Because of this, God gave them over to shameful lusts. Even their women exchanged natural relations for unnatural ones. In the same way the men also abandoned natural relations with women and were inflamed with lust for one another. Men committed indecent acts with other men, and received in themselves the due penalty for their perversion.
Furthermore, since they did not think it worthwhile to retain the knowledge of God, he gave them over to a depraved mind, to do what ought not to be done. They have become filled with every kind of wickedness, evil, greed and depravity. They are full of envy, murder, strife, deceit and malice. They are gossips, slanderers, God-haters, insolent, arrogant and boastful; they invent ways of doing evil; they disobey their parents; they are senseless, faithless, heartless, ruthless.
Although they know God’s righteous decree that those who do such things deserve death, they not only continue to do these very things but also approve of those who practice them. (Romans 1:18-32)
Paul begins an argument in 1:18 that reaches a conclusion in 3:9. He writes, “What shall we conclude then?
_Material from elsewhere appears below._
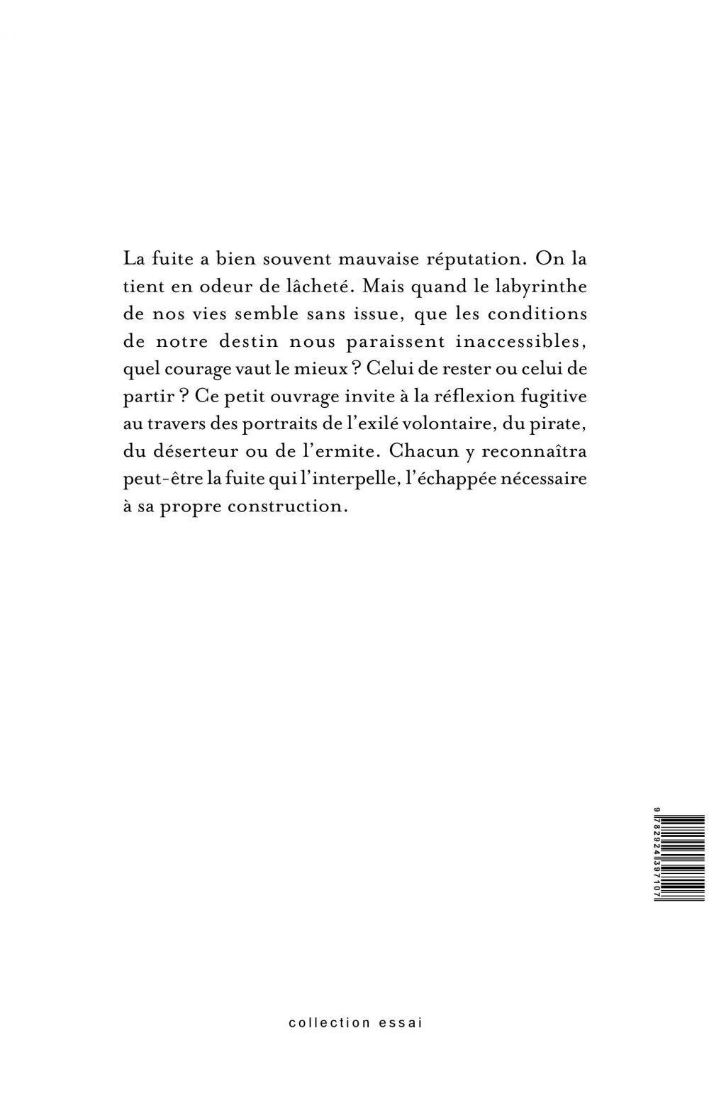 Petite géographie de la fuite est une ode aux chemins de traverse. Son auteur au parcours hors-normes nous invite à une réflexion sur la place de l'individu dans la société. Il nous entraîne sur les traces de quatre figures de fuyards : l'exilé volontaire, le pirate, le déserteur et l'ermite, dans un essai bref et accessible à tous qui se situe à la frontière des genres, entre poésie et réflexion philosophique.

Are we any better? Not at all! We have already made the charge that Jews and Gentiles alike are all under sin.” He would conclude that both the Jews and the Gentiles are under sin, and that the Jews are not better than the Gentiles in this regard. As he says in the next verses, “There is no one righteous, not even one; there is no one who understands, no one who seeks God. All have turned away, they have together become worthless; there is no one who does good, not even one” (3:10-12).
Therefore all are guilty of sin, and subject to the wrath of God. And this means that all individuals without exception have a common need for salvation and for a righteousness that they cannot attain or produce by themselves. Since it is the purpose of the argument to reach this conclusion, it determines how we must interpret the statements that make up the argument. Whatever Paul says from 1:18 to 3:9, we realize that his general intent is to assert that all men are under sin and under the wrath of God.
Many people dislike the idea of divine wrath. Some of them would complain that the trait is unworthy of a perfect being. However, one could just as easily assert the same about divine love, or say that it is below such a mighty and transcendent being to have any concern with creation at all. But what is truly below him is men’s senseless speculation. God reveals himself in the Bible as one who possesses both love and wrath. Of course, there are those who acknowledge that the Bible teaches about the wrath of God, and they despise him for it. So non-Christians attack the Christian faith for affirming such a God. As for Christians, they tend to struggle to explain it and find a place for it, and to justify the divine attribute, or even to excuse him, as if there is something wrong with him.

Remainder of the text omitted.